# Task
In the records below, find the line with "播州ラーメンでも有名な地元の", then retype it and every following line exactly, stopping after the line with "Old Postcard Drawing a hand Vine Flags". Leave the pictures out.

# Material for the task
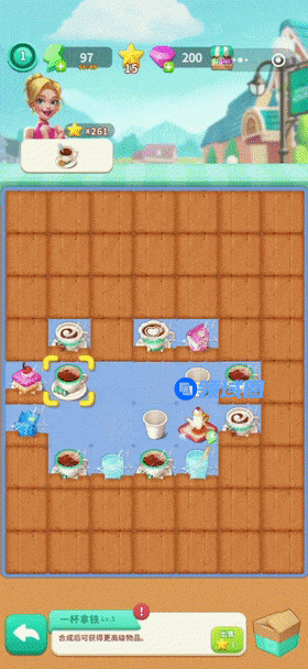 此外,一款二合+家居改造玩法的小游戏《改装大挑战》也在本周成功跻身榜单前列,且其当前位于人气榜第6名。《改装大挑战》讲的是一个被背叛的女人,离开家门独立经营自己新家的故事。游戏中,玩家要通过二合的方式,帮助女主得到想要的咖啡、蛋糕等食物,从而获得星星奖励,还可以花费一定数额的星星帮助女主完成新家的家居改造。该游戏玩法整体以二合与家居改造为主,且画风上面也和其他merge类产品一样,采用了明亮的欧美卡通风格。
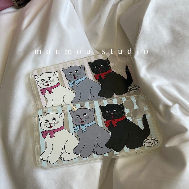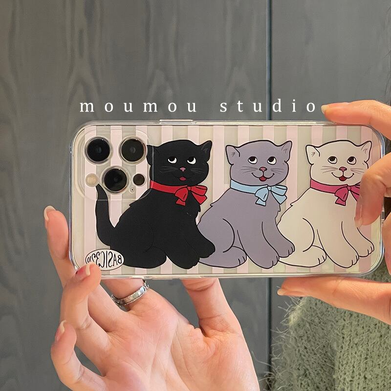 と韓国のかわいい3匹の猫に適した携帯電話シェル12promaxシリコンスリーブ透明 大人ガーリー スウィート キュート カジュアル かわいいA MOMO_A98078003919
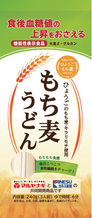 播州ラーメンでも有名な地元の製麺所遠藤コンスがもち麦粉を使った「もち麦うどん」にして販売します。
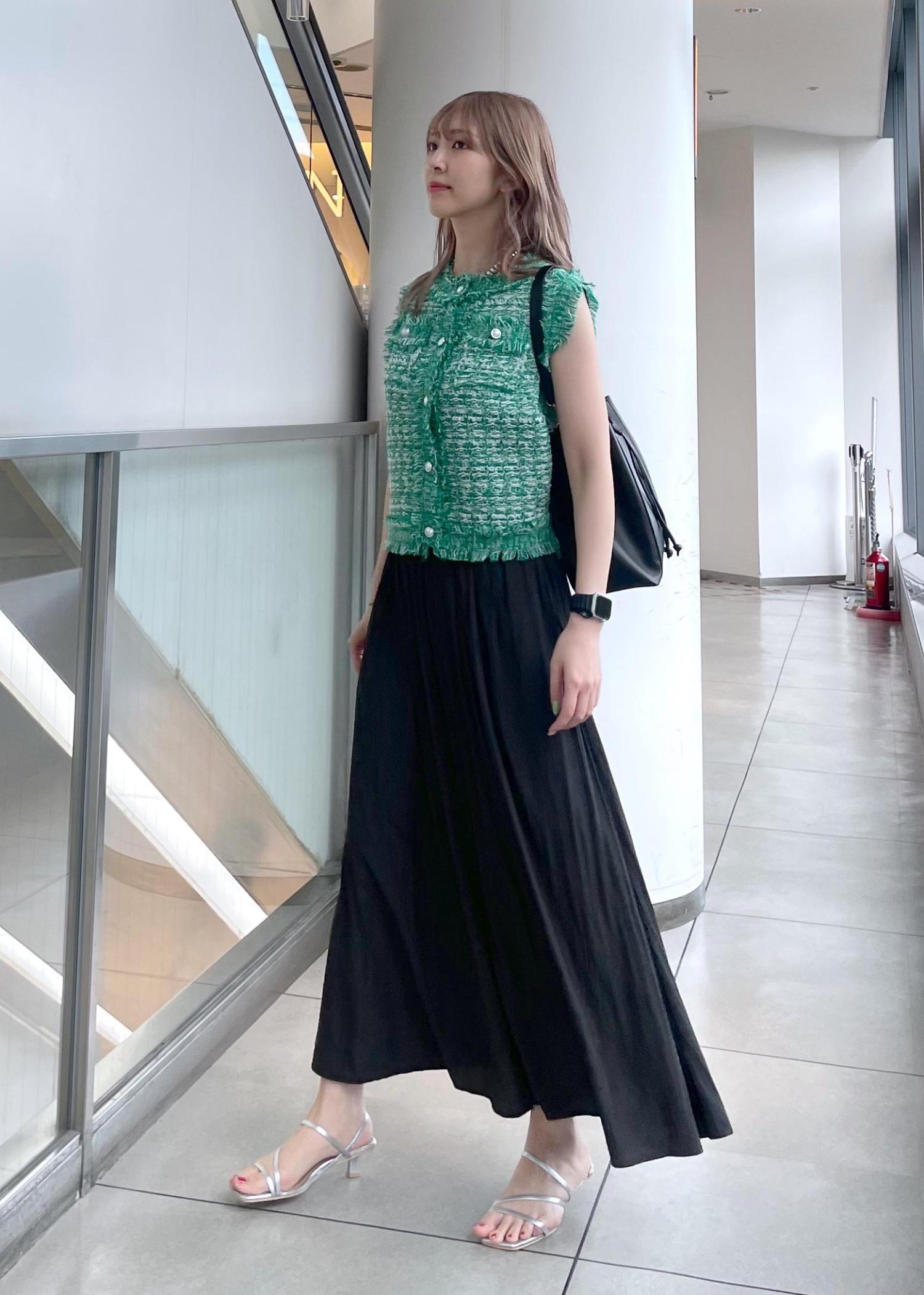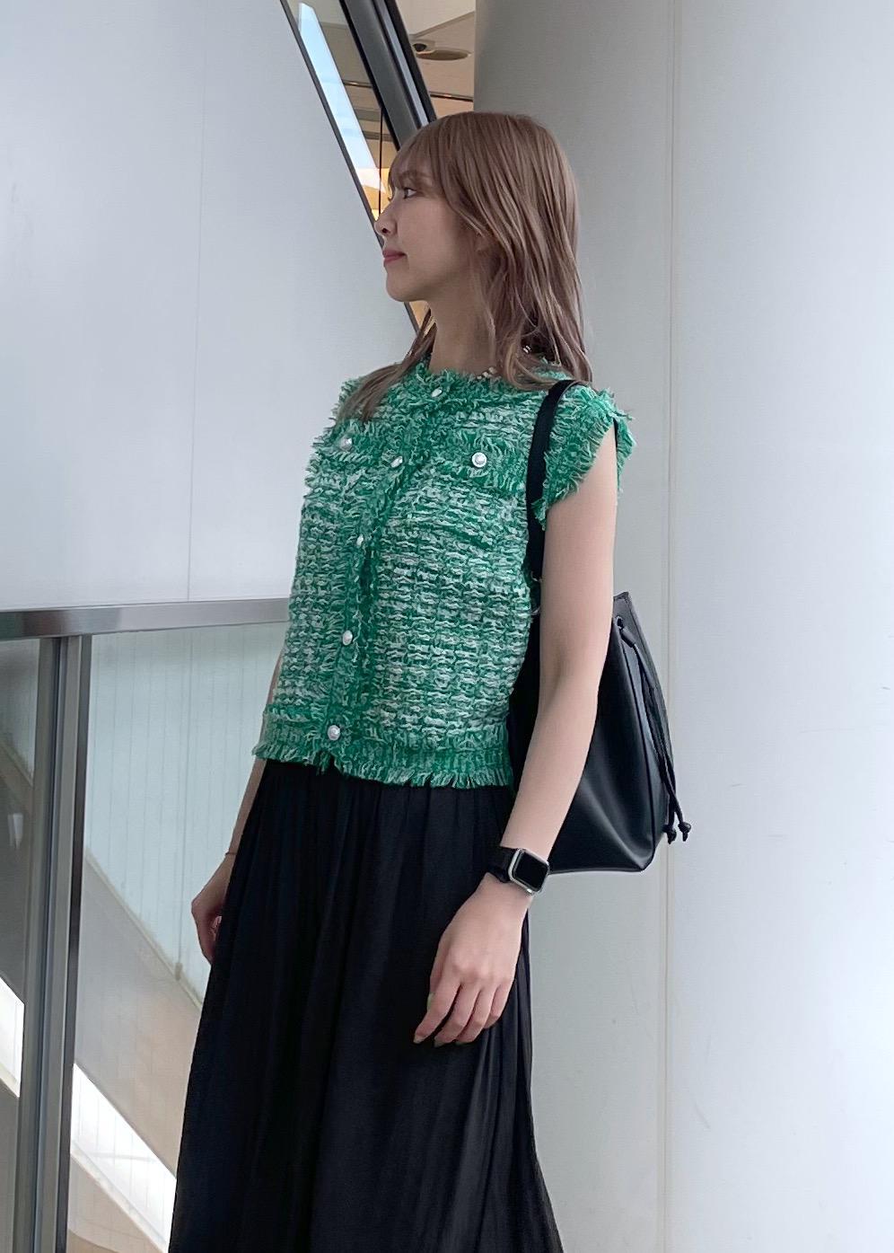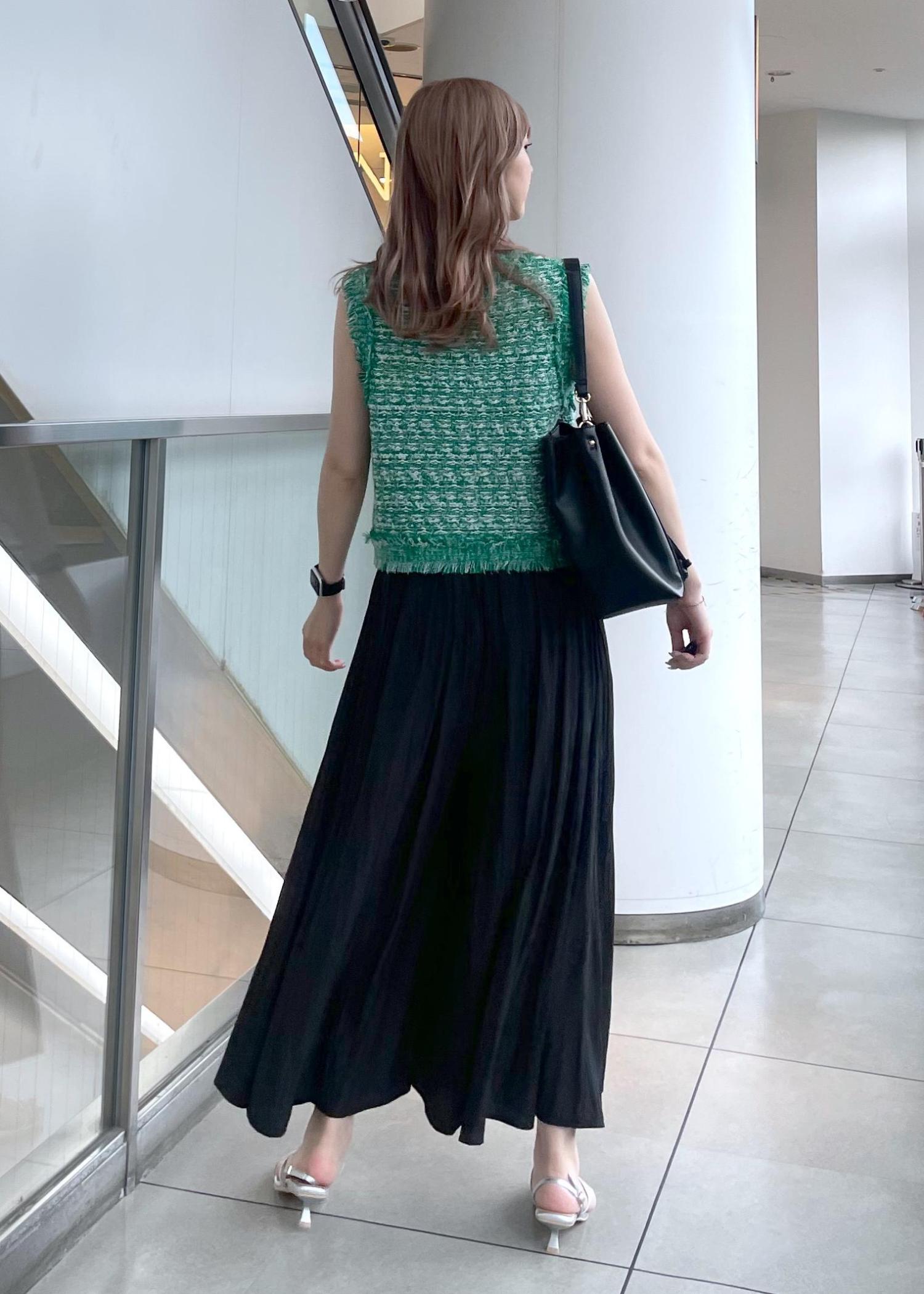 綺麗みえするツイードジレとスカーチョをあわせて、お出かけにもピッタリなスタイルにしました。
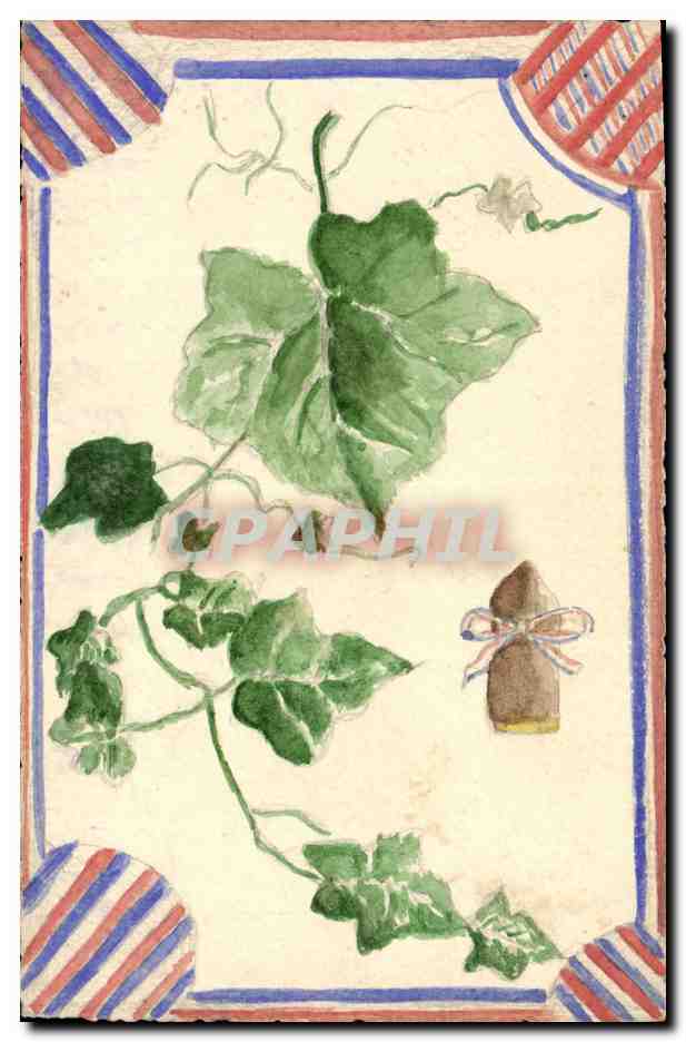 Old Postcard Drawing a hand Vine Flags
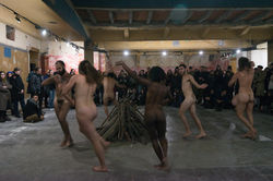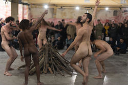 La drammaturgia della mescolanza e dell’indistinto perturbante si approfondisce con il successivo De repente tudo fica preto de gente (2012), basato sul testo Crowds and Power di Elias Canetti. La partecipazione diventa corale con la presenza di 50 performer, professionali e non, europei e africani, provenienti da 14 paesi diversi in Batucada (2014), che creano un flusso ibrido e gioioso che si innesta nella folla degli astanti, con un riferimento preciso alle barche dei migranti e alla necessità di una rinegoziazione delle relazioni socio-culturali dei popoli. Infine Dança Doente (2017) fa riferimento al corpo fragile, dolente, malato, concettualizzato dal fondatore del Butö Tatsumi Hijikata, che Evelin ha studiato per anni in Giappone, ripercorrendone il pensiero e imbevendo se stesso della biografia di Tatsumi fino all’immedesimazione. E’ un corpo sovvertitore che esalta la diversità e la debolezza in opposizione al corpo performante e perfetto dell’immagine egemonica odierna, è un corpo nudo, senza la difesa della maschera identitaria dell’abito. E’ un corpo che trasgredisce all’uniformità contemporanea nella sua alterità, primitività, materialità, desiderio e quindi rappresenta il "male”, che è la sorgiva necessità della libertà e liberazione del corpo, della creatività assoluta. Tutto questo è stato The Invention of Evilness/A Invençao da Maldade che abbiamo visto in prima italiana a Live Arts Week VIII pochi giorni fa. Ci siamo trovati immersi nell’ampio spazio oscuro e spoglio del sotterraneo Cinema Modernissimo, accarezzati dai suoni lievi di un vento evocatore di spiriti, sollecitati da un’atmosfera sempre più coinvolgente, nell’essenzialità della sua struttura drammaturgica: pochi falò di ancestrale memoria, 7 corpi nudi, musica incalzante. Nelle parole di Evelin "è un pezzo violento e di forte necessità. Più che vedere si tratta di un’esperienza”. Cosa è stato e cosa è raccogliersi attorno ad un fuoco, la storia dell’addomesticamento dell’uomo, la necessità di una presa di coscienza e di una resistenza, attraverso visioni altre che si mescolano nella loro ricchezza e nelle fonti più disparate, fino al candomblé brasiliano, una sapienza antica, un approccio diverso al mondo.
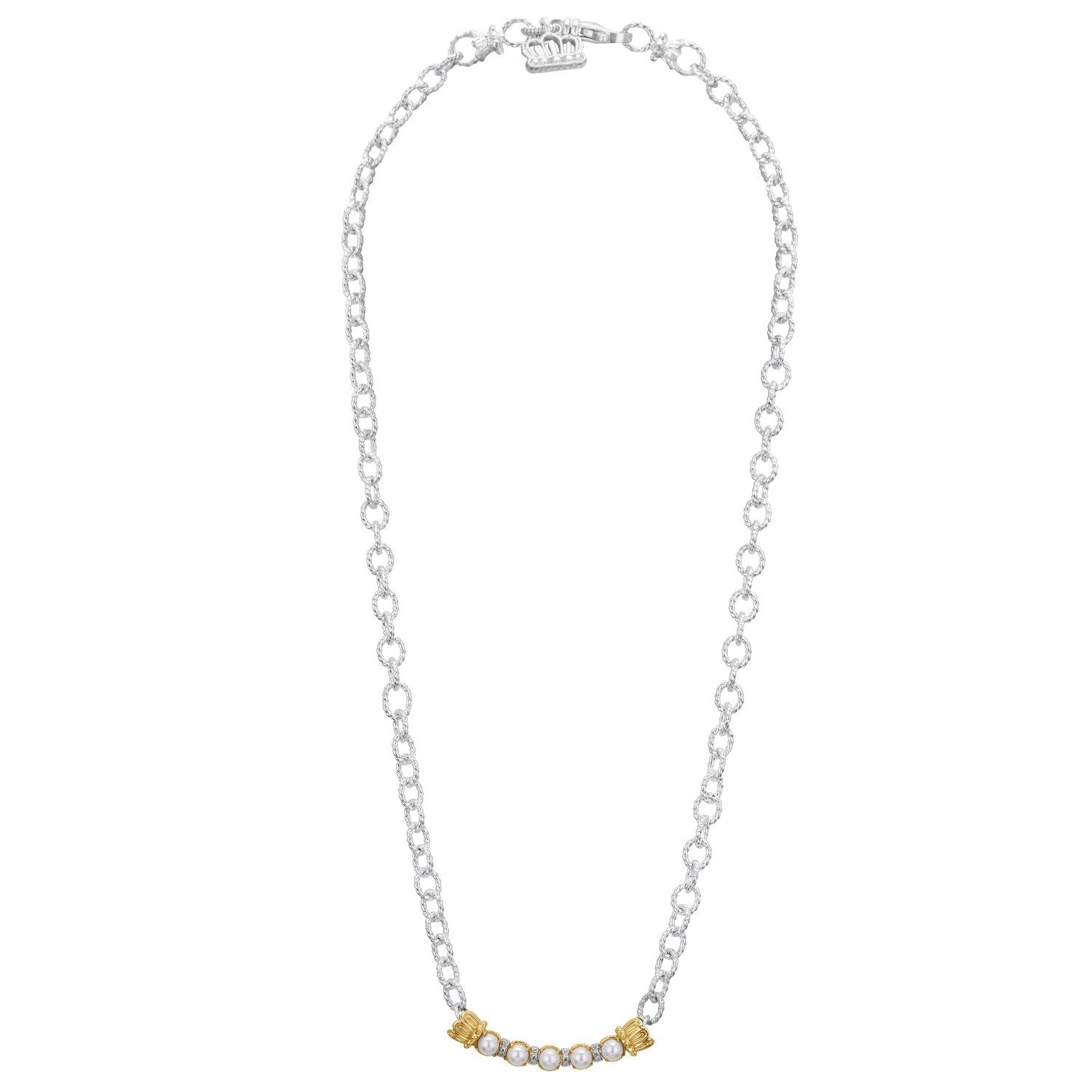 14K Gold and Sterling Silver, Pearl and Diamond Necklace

# Written solution
 播州ラーメンでも有名な地元の製麺所遠藤コンスがもち麦粉を使った「もち麦うどん」にして販売します。
 綺麗みえするツイードジレとスカーチョをあわせて、お出かけにもピッタリなスタイルにしました。
 Old Postcard Drawing a hand Vine Flags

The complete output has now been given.